Currently just in contact with his mum and if he wants to see her it will be via her, at least
for the time being. Update 3 I, 33F, was with my ex, 35M, for about eight years. We share a
daughter together. For some background the last year has been a difficult one. We broke up
after he snuck out on a cycling holiday when I was due to go away with a friend.
Stupidly started dating him again I had insisted that we go slowly.
We were putting away some cash to go on holiday as a family which he ended up taking out of my flat and blowing in a strip club.
So we fully ended about two months ago.
Now it turns out he's going to be a father again.
From what I can gather the woman is past the 12-week mark.
When I was dropping off my daughter for the weekend he mentioned the pregnancy
and whether he could have the baby stuff I had from when our daughter was little,
that we were saving for a potential second.
I told him he's welcome to take anything that he bought,
which is the grand total of a novelty baby grow and a hat.
Obviously now I don't need the stuff and I don't know if I'm being petty,
but I told him no, absolutely not.
He hasn't even seemed to acknowledge the fact that he got her pregnant
when we were trying to get back together,
but that's a battle I just can't get the energy to fight.

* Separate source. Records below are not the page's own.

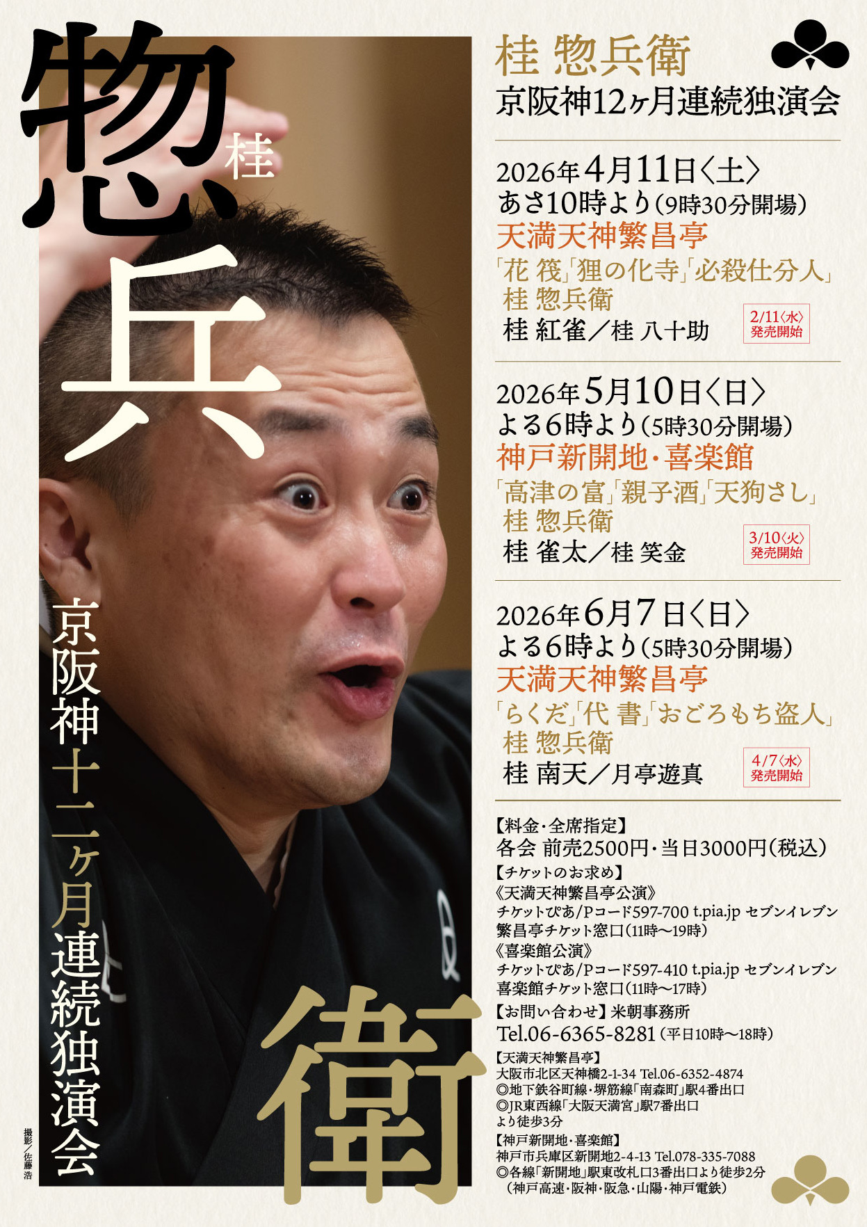 お問合せ:米朝事務所 06-6365-8281(平日10時~18時)
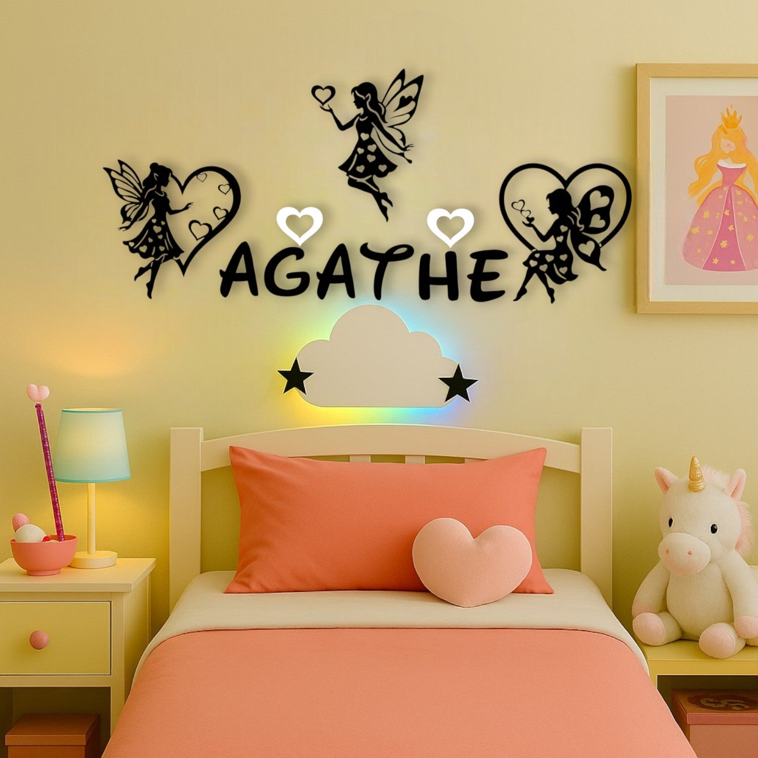 Ajoutez une touche de magie et d’amour à la chambre de votre enfant avec cette magnifique décoration murale personnalisée avec prénom. Trois adorables fées entourées de petits cœurs viennent sublimer le prénom choisi pour créer un univers féerique et unique.
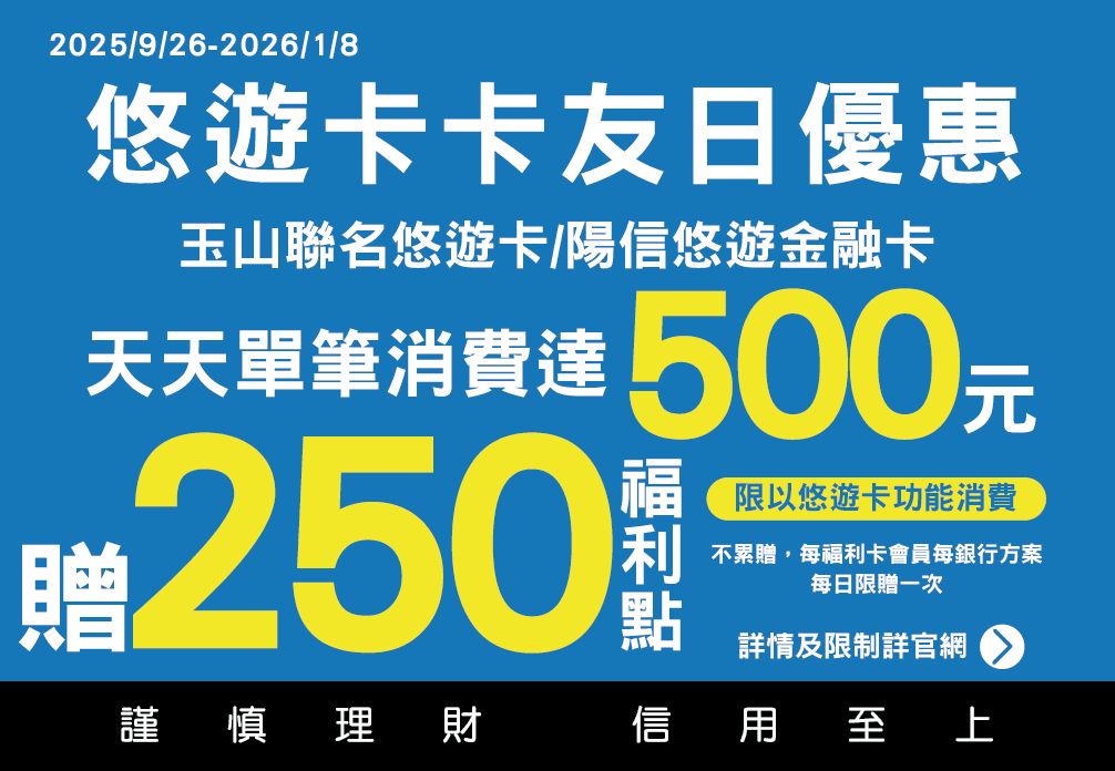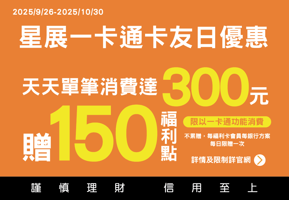 天天使用星展銀行一卡通聯名卡,以一卡通票證功能扣款單筆消費滿300元贈150福利點(每福利卡會員每銀行方案每日限贈一次)。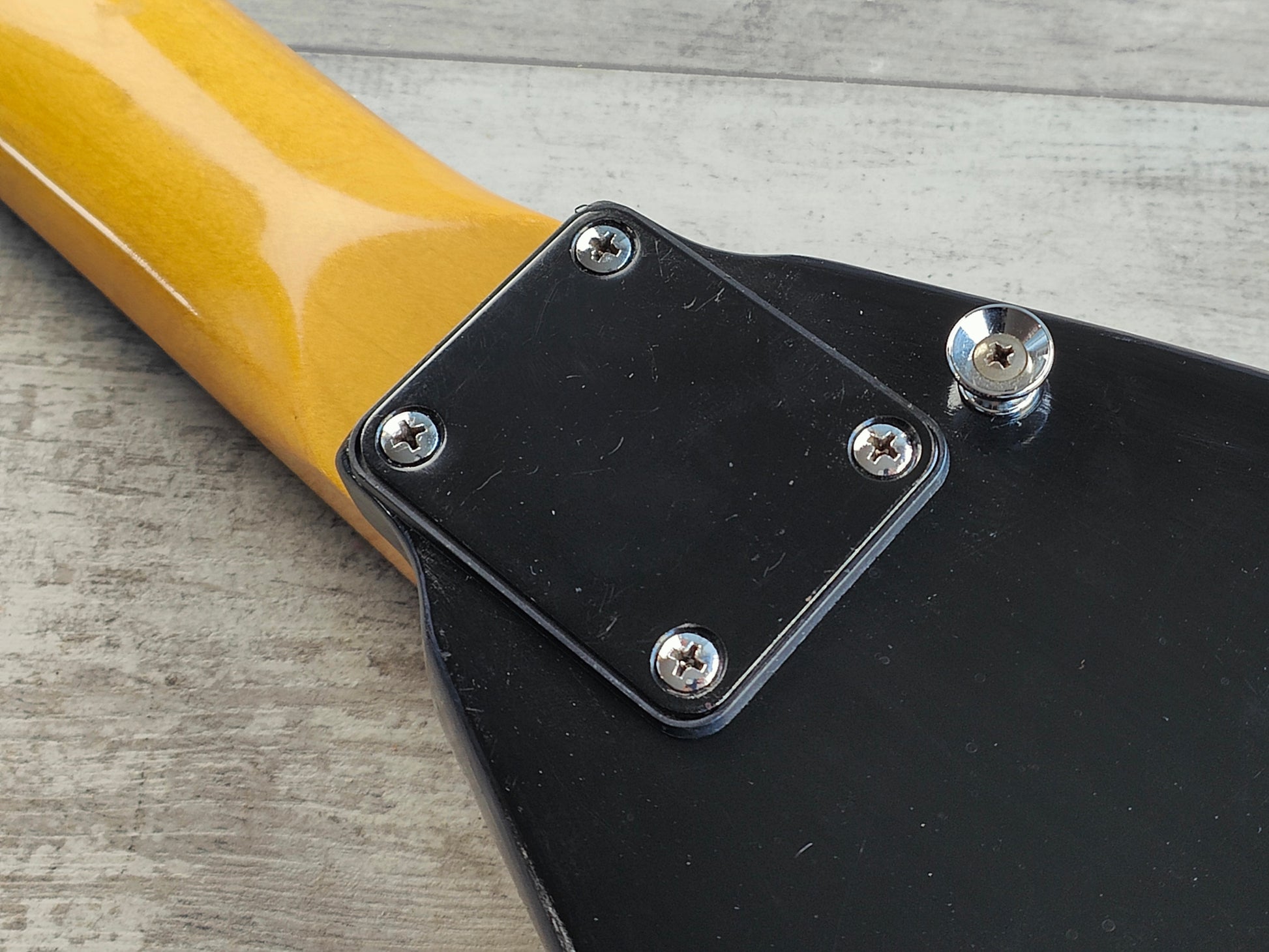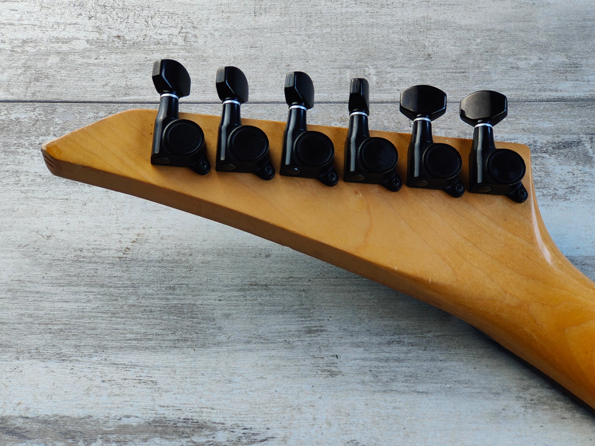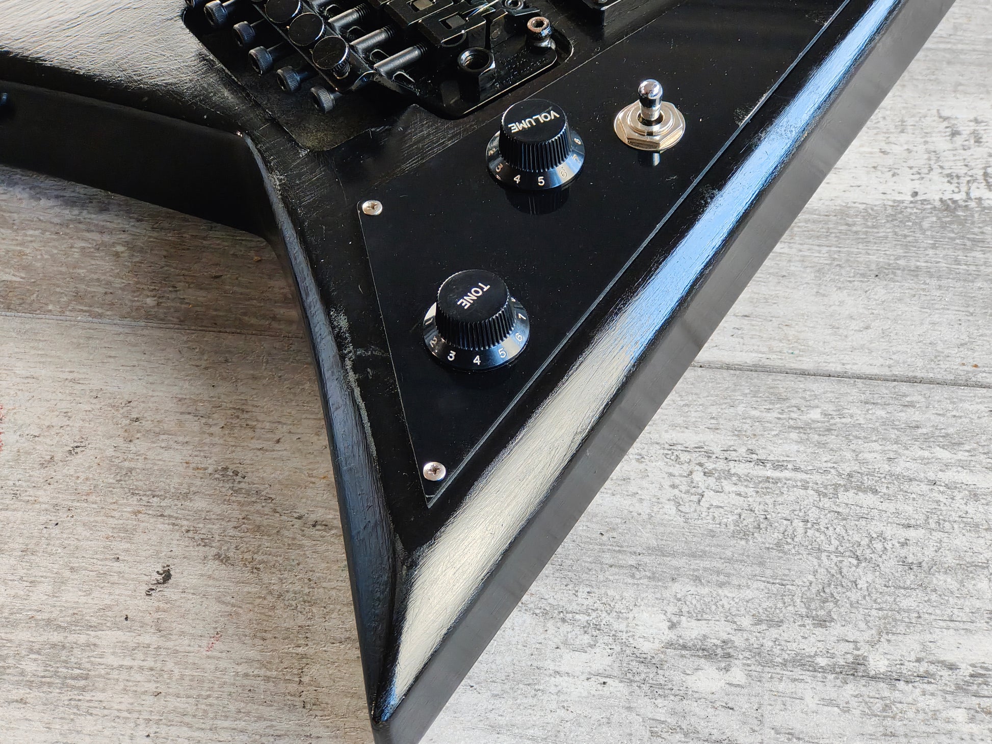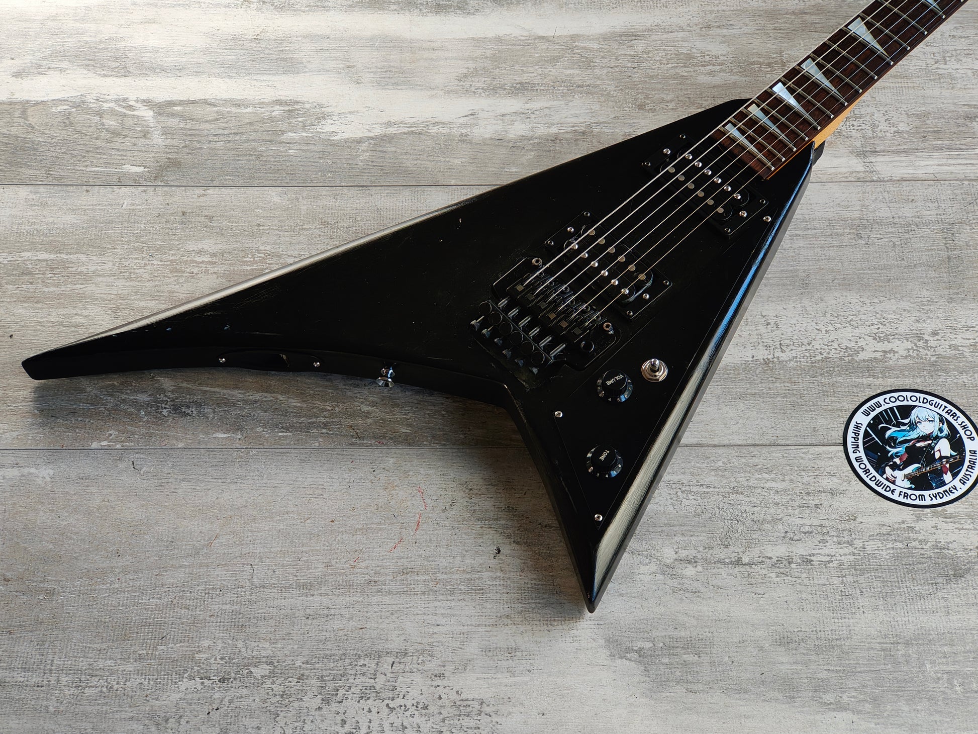 Made from a 1990's Charvel neck bolted to a Grover Jackson Rhoads body (both made in Japan and from the same factory), it's been loaded with a pair of generic vintage Japanese humbuckers, a TRS-202 licensed Floyd Rose tremolo, Gotoh tuners and a custom fabricated pickguard. The body was previously given a very amateur black paint job that could be a perfect refinish candidate or just enjoy it as it is.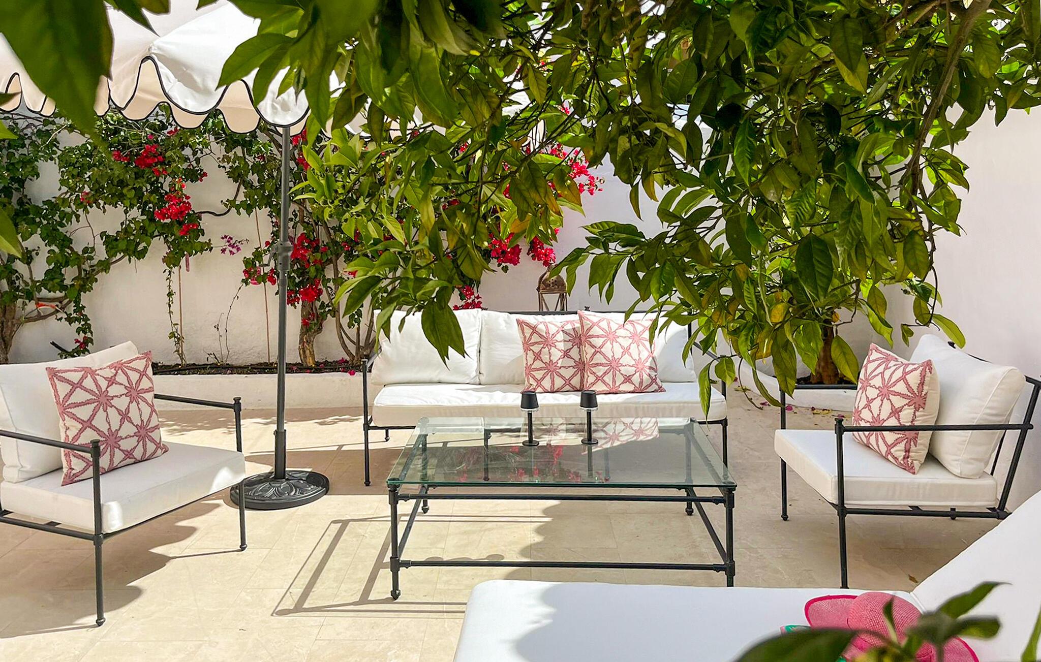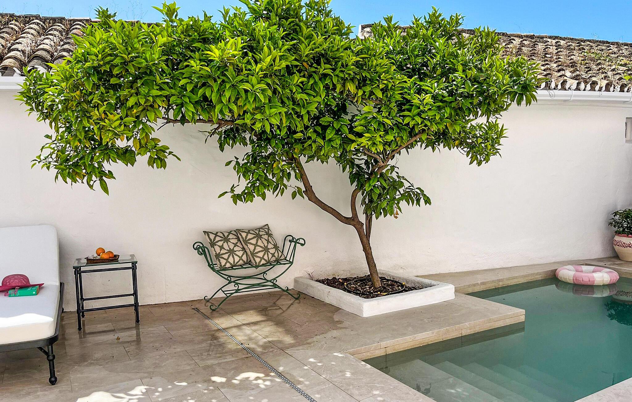 Det rummelige udendørsområde byder på flere terrasser, komfortable siddeområder og middelhavsplanter. Tag en forfriskende dukkert i den private pool og nyd livet på en af ??liggestolene. Nyd morgenmaden med udsigt over kvarterets hustage eller tilbring aftenen i den overdækkede gårdhave, perfekt til socialt samvær.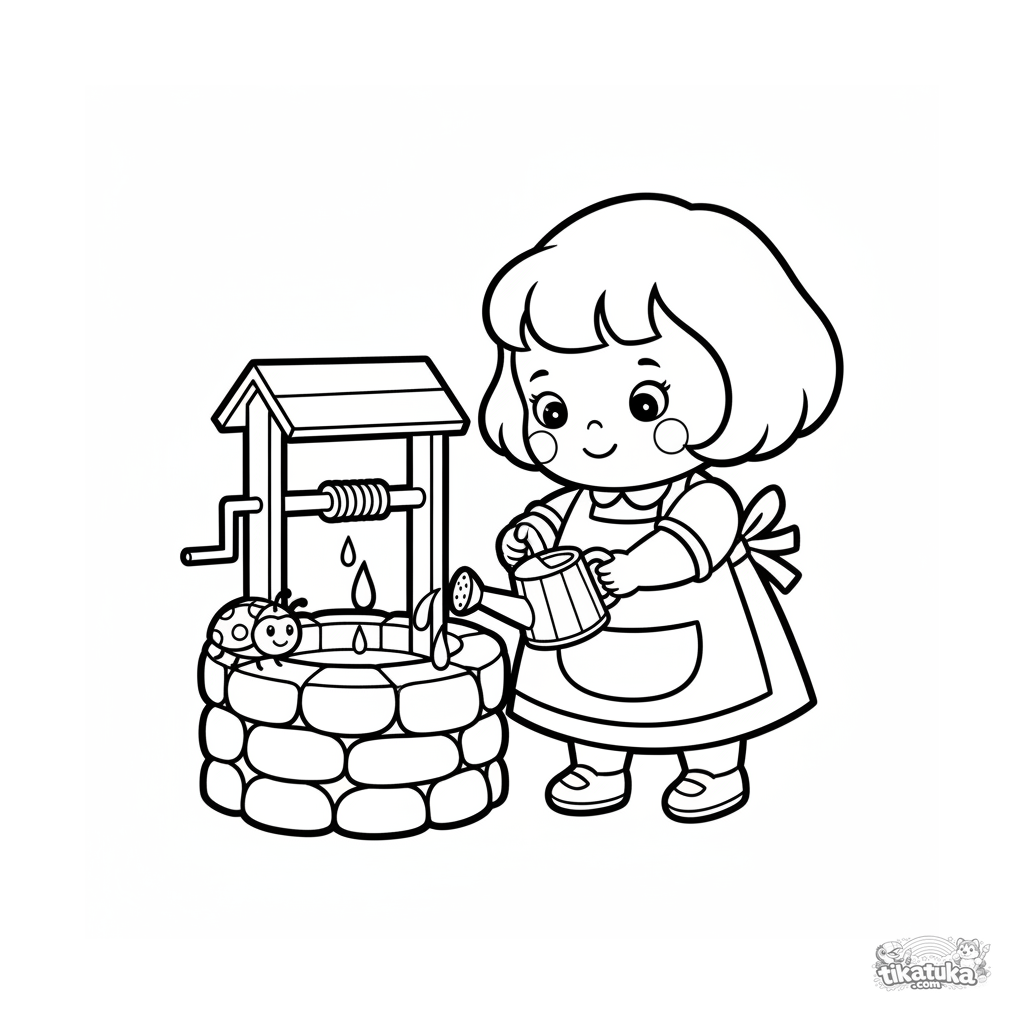 Página para colorear súper simple para niños pequeños 2-3: un niño llena una pequeña regadera desde el pozo. Formas geométricas, detalles mínimos.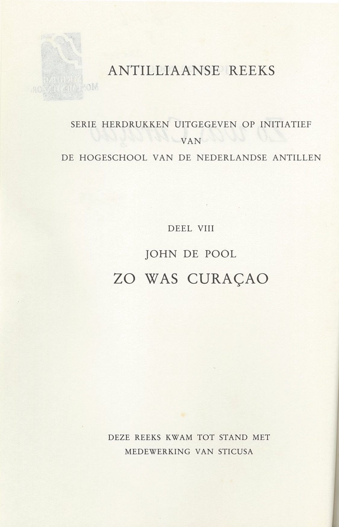 ‘Zo was Curaçao’ is een nostalgisch werk van John de Pool dat een beeld schetst van het dagelijks leven op Curaçao in de late 19e eeuw. Oorspronkelijk gepubliceerd in 1935 onder de titel Del Curaçao que se va, werd het boek in 1960 herdrukt en in 1985 uitgebracht als een uitgebreide herdruk.
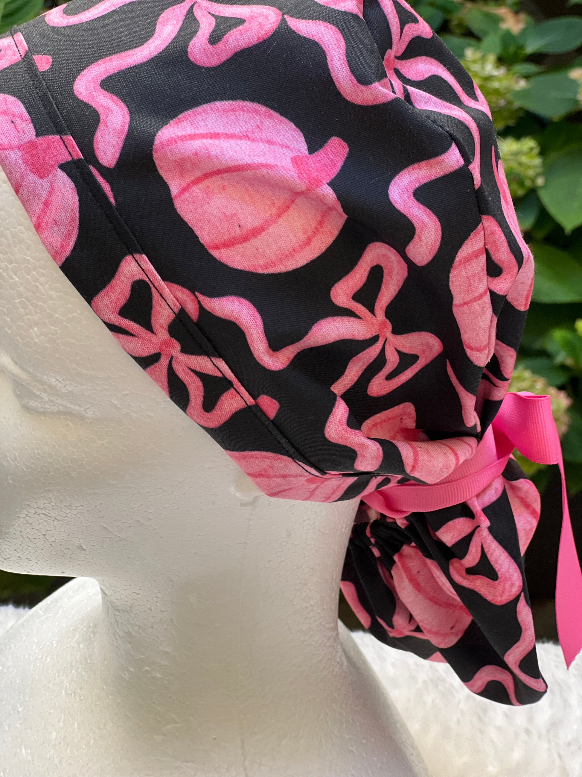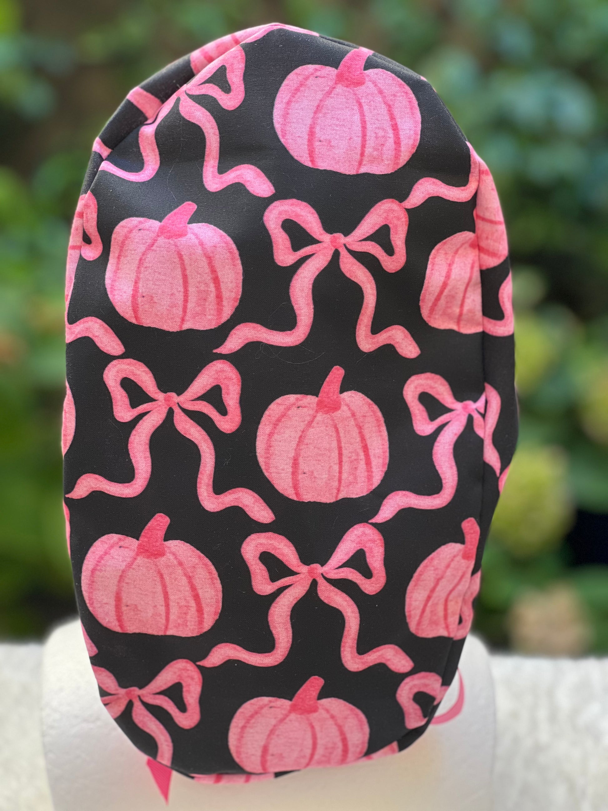 Black and Pink pumpkin with bow scrub cap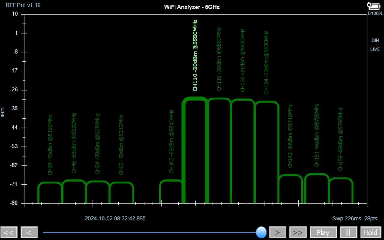 For the 5GHz and 6GHz WiFi bands, you can select which channels to display by navigating to Config > Display in the menu. From there, choose between the available channel widths: 20MHz, 40MHz, 80MHz, or 160MHz.

My ex-mother-in-law has remained pretty neutral
and I have a pretty good relationship with her,
but she's been putting a bit of pressure on me to give him the stuff.
Update 4. Not sure if anyone will read this, but I wanted to place my thoughts and update anyone who was interested.
I found a quite therapeutic posting on Reddit. My ex had a baby boy. Finally got the son he wanted.
I ended up giving him the very few items that he bought for our daughter which mainly consisted of novelty hats and novelty baby grows.
Unfortunately, he has little to do with our daughter. He has let her down many times since the new baby came.
I won't close the door as I want to be able to hold my head high and tell her I never stopped
him seeing her even though a big part of me wants to tell him to do one.
It breaks my heart that she gets so excited and he lets her down.
I have toyed with going to court to make him fight for visitation.
I just don't think he cares enough.
On a positive note my daughter is very happy and my brother and his wife are very involved
so she can see what a healthy relationship looks like.
I'm uninterested in meeting anyone at the moment, but maybe one.
one day I'll dip my foot back in. I also got a promotion at work so in a much happier place now.